12 Tangos: Adios Buenos Aires is a German documentary film from director and producer Arne Birkenstock. It was filmed in 2004 in Buenos Aires. The music was arranged and composed by the guitarist and composer Luis Borda. The movie was produced by Cologne production companies Fruitmarket Kultur und Medien and Tradewind Pictures in collobaration with ZDF and Arte. Script development was aided by the European Media-Program. The movie was released by Kinostar GmbH and sold worldwide by Medialuna Entertainment. Co-producers Peter Bach and Hans Georg Haakshorst supported its production.

==Synopsis==
The documentary tells the story of several tango dancers in crisis-ridden Buenos Aires. In the "Catedral", a 200 years old granary in Buenos Aires, an orchestra plays 12 well known tangos, while the weekly ball guests move in circles. Professional dancer Roberto Tonet (age 71) and 20-year-old dancer Marcela are featured. Tonet lost his pension during the banking crisis and Marcela is preparing to emigrate to Europe. Around them are other dancers whose dancing and daily lives are explored. Rodrigo and Fabiana are two schoolchildren who live in the poor neighborhood Nueva Pompeya. Rodrigo is the son of Bolivian immigrants, Fabiana lives alone with her three siblings since her mother left to work as a cleaning lady in Spain, in order to earn enough money to pay rent. The movie shows the farewell of the mother and her four children. The five members of the trash rock band "Las Muñecas" take to the stage in the hippest Tango club of the city. They live in the "Catedral", organize tango balls and interpret Carlos Gardel 's songs on their e-guitars.
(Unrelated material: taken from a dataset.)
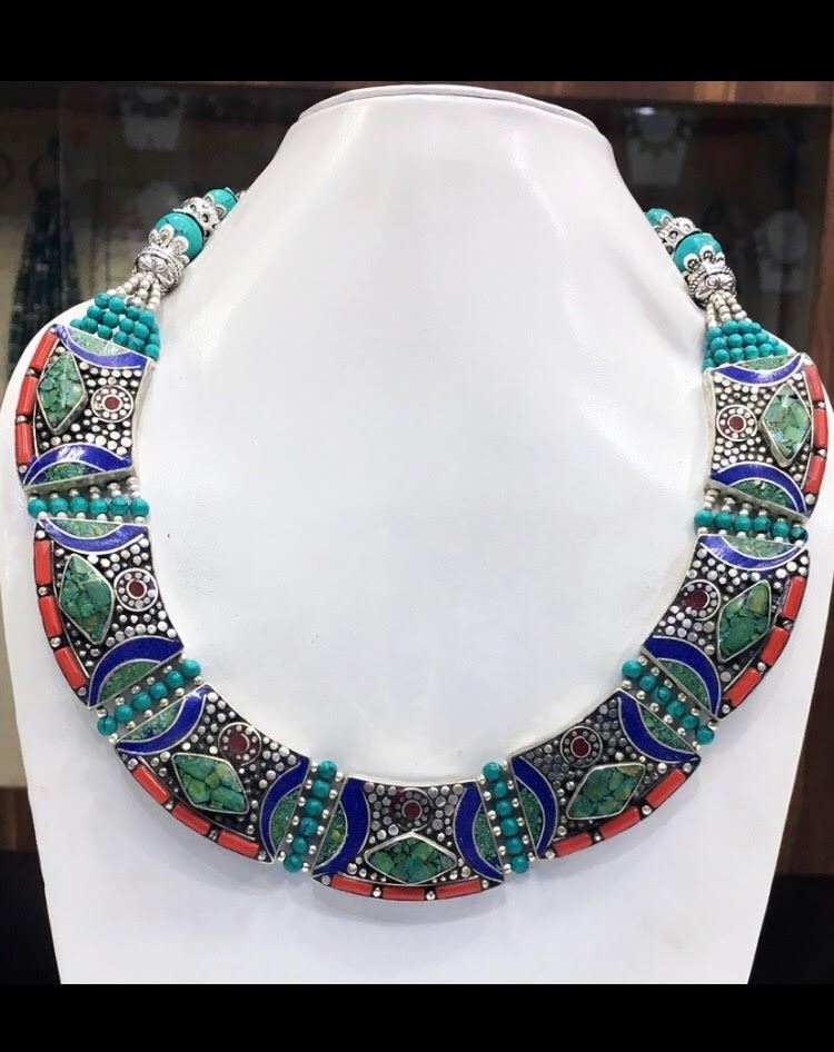 Tibet Natural Stone Hand Made Turquoise, Coral & Lapis Lazuli Necklace.......This elegant large Necklace was handcrafted in Tibet, the home of exquisite jewelry craftsmanship. It was skillfully made with large natural Turquoise, each in a deep Tibetan Silver setting. and balance the design perfectly. Turquoise is used virtually worldwide for jewelry making, and is highly prized for its brilliant colors, which vary from mine to mine. The distinctive webbing patterns and variations of color in the stones on this wonderful piece are typical of the natural Turquoise found throughout much of the Himalayan region, where Turquoise has been used in jewelry-making since centuries.”””Note- All stones in this necklace are Natural.....Guaranteed....Vintage look but necklace is brand new.

Tango is the expression of crisis and lost hope and their connection is reflected in the history of these dancers who lost wealth, jobs and salaries due to the current situation. In 12 Tangos their story and that of their ancestors is told.

==Music==
Composer and guitarist Luis Borda formed Argentinean musicians into an orchestra representing several generations: 92-year-old Maria de la Fuente sang with Lidia Borda. Also singing are Gabriel Menendez, Jorge Sobral and Eduardo Borda. The movie shows the final recordings with bandoneon legend José Libertella, who died shortly after the movie was completed. The bandoneon is also played by Julio Pane and Pablo Mainetti. The violin is played by concertmaster of the Teatro Colon Mauricio Marcelli, supported by Huberto Ridolfi and Elisabet Ridolfi. The orchestra is completed by pianist Diego Shissi, bassist Oscar Giunta, trompetist Juan Cruz de Urquiza, Pablo La Porta (percussion), Marcos Cabezas (vibraphone), Diego Pojomowsky (e-bass) and the saxophone-quartet De Coté. The orchestra's repertoire includes classics such as "Adiós Nonino", "Sur", "La Cachila", "La Puñalada" and "Milonga de mis amores" and lesser-known treasures such as "Pampero", "En carne propia" or the waltz "El Paisaje, and new compositions such as "Ironía del Salón" and "Corralito".